- Born: December 31, 1953 (age 72)

Academic background
- Education: Bard College (B.A., 1976), Massachusetts Institute of Technology (Ph.D., 1981)

Academic work
- Discipline: Labor economics
- Institutions: Northeastern University

= William Dickens =

American economist

William Theodore Dickens (born December 31, 1953) is an American economist. He is a University Distinguished Professor of Economics and Social Policy at Northeastern University.

==Career==
Dickens was on the faculty of the University of California, Berkeley from 1980 until 1995. While on leave he served as a senior economist with the President of the United States' Council of Economic Advisers, in 1993-94 where he worked for Laura Tyson.
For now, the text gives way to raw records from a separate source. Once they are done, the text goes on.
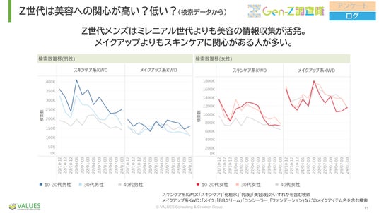 すると、Z世代男性は上の世代よりも検索数が多く、美容関連の情報収集が盛んであることがわかりました。また、メイクアップよりもスキンケアに関心がある男性が多いことが見て取れます。
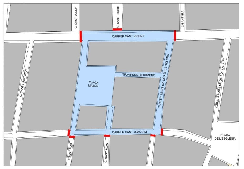 El recinto taurino acotado en la Vila comprenderá la plaza Mayor, Travesía de J. Jimeno, la calle Virgen de los Dolores, la calle Mayor, la calle San Roque,  la calle San Juan y la calle San Joaquín.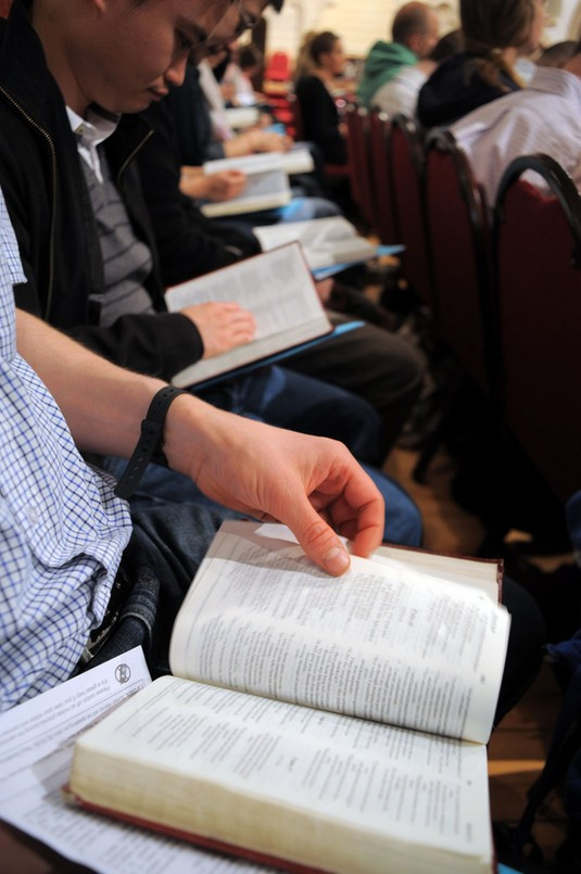 Undervisningen i St. Ebbe-kyrkan hade denna kvällen en verkligt hög nivå. Pastorn uppmanade alla att ta fram biblarna. Biblar fanns åt alla under framförvarande stol. Hela församlingen läste ett kapitel tillsammans från nya testamentet, samt flera stycken från gamlatestamentet som bakgrund eller förklaring. Pastorn undervisade med auktoritet och kraft.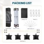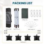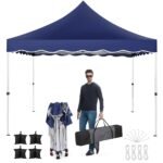 - Portable and Compact:Offering 100 square feet of shade, this 10×10 canopy can accommodate up to 10 people. When packed, it measures 45.45″ x 8.66″ x 10.24″, fitting easily in most car trunks.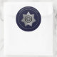 L'insigne d'agent correctionnel ROUND STICKERS est un dessin d'art graphique. Le badge est créé en argent (ou or) et en noir avec une petite touche de bleu. Un badge décoratif de sept (7) points d'argent ou d'étoile d'or forme l'insigne. Le texte qui courbe le haut de l'insigne dit : MINISTÈRE DES CORRECTIONS. Texte en bas : AGENT CORRECTIONNEL. Ces mots s'assoient sur un anneau bleu solide. Plus d'argent/or décorent l'insigne partout. Au centre se trouve un emblème d'aigle aux étoiles d'argent et d'or. Le texte plus petit au centre dit : Sceau de l'Etat. Le badge n'est PAS spécifique à l'état. Une jante extérieure bleue avec du texte argent/or courbant autour du haut qui dit : OFFICIER CORRECTIONNEL. Ce badge est en argent ou en or avec des arrière - plans noirs ou bleus. Cet arrière - plan est bleu solide avec un badge en argent, du texte décoratif en argent et des jantes en argent.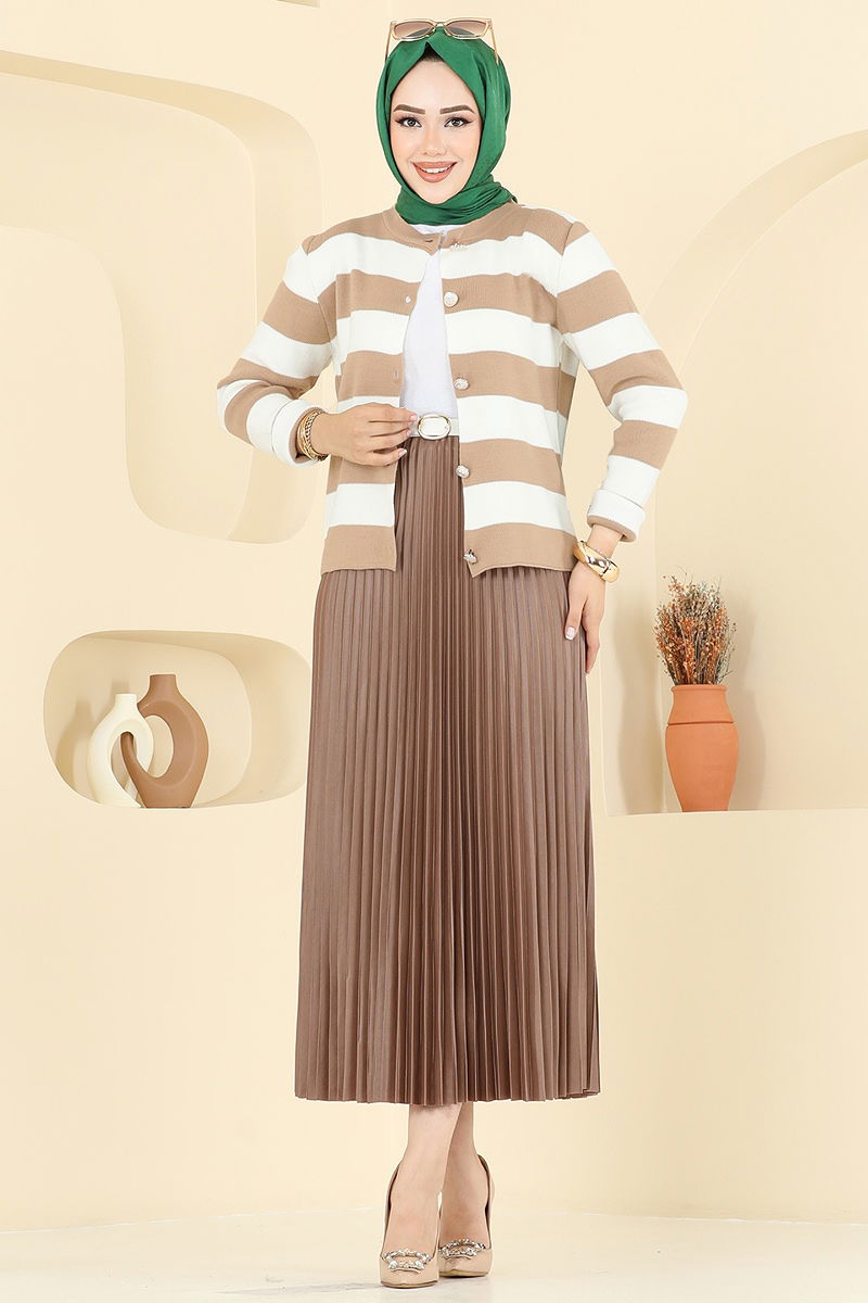 Çizgi Detay Hırkalı Takım, modern ve şık tasarımıyla dikkat çekiyor. Sonbahar ve Kış ayları için ideal olan bu tesettür takım, triko ve saten kumaş kombinasyonuyla konfor ve zarafeti bir arada sunuyor. 30 derecede hassas yıkama ile temizlenebilir. Bisiklet yakası ve ön düğmeleri ile pratik bir kullanım sağlar. Etek lastikli beli sayesinde gün boyu rahat bir kullanım sunar. Ürün astarsızdır ve model üzerindeki Etek S-M bedendir. Hırka Standarttır.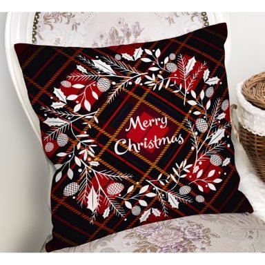 Ekose Merry Christmas Desenli Dijital Baskılı Yastık Kırlent Kılıfı

He was a Faculty Research Fellow and then a Research Associate with the National Bureau of Economic Research from 1982 to 1998. He was a senior fellow in Economic Studies at the Brookings Institution from 1995 to 2007, where he was a visiting fellow from 1994 to 1995 and a non resident senior fellow from 2007 to 2016. In 2007, he became Thomas C. Schelling Visiting professor at the University of Maryland, a position he held until joining Northeastern in June 2008. He subsequently served as a Russell Sage Foundation Visiting Scholar for one year. He was chair of the Department of Economics at Northeastern from 2013 to 2018.

==Research==
Dickens' research interests include unemployment, race and intelligence, and changes in IQ over time (the Flynn effect). For example, he co-authored a 2006 study with James Flynn showing that the black-white IQ gap in the United States had decreased in size by at least 25% between 1972 and 2002. He and Flynn had previously proposed a hypothesis for why IQ appears to be both highly heritable and significantly affected by the environment. Their hypothesis argued that individual's IQs are significantly affected by both genes and environment, but that people's environments change in response to their IQs. Dickens has also worked with Nobel prize winner George Akerlof. Together they authored the 1982 paper "The Economic Consequences of Cognitive Dissonance". Scholars have described the Akerlof–Dickens model of cognitive dissonance as an influential early template for integrating psychological mechanisms into formal economic theory. Akerlof and Dickens also wrote two papers on inflation and unemployment in which they argued that psychological considerations lead to a long-run Phillips curve where there is a trade-off between inflation and unemployment.